- Born: Maria Farhad 2001 (age 24–25) Qaraqosh, Iraq
- Height: 1.70 m (5 ft 7 in)
- Beauty pageant titleholder
- Title: Miss Iraq 2021
- Hair color: Brown
- Eye color: Brown
- Major competition(s): Miss Iraq 2021 (Winner) Miss World 2022 (Unplaced)

= Maria Farhad =

Iraqi model (born 2001)

Maria Farhad (ماريا فرهاد, born 2001) is an Iraqi model and beauty pageant titleholder who was named Miss Iraq 2021. She represented Iraq at the Miss World 2022 pageant in Puerto Rico.

==Early life==
Farhad was born to an ethnic Assyrian family in Qaraqosh, located in the Nineveh Governorate, northern Iraq. Farhad is studying computer science at the University of Mosul.

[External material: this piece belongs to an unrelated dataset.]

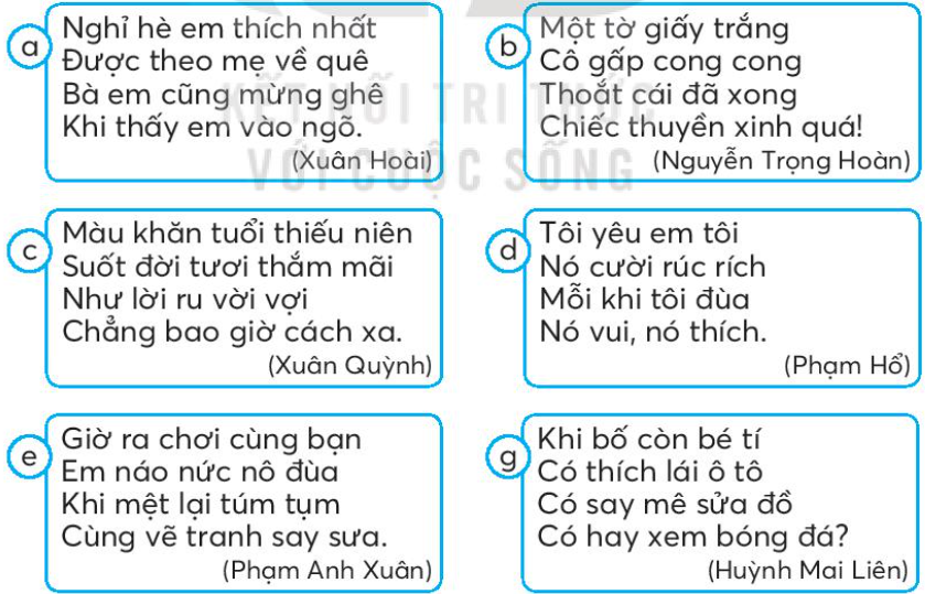 Em đọc kĩ các các khổ thở để tìm những từ ngữ chỉ tình cảm, cảm xúc.
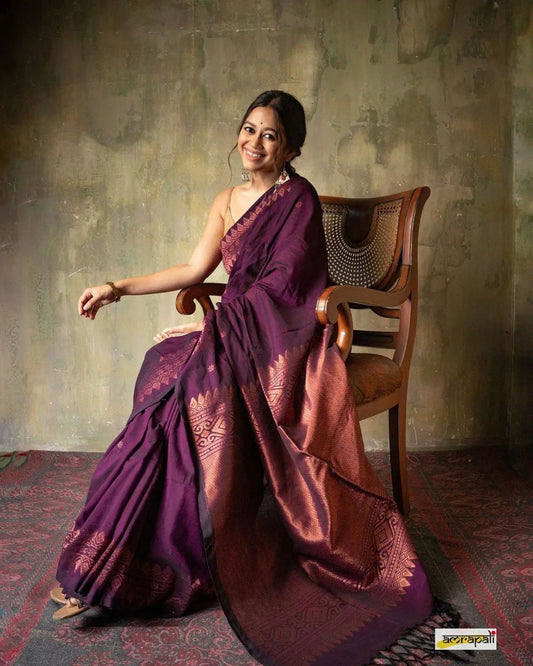 Cotton Silk Plum Purple Woven Zari Casual Wear Saree By WTW

Farhad relocated to Erbil in the wake of the Islamic State attacks in 2014.

== Pageantry ==
Farhad was named Miss Iraq 2021 at a pageant held in Erbil and sponsored by the Iraqi Culture Ministry and broadcast on Al Rasheed TV.

Although the Miss Iraq organization held a contest to send its representative to Miss Universe, it participated in Miss World 2021 instead since the Miss Universe 2021 contest venue was Israel.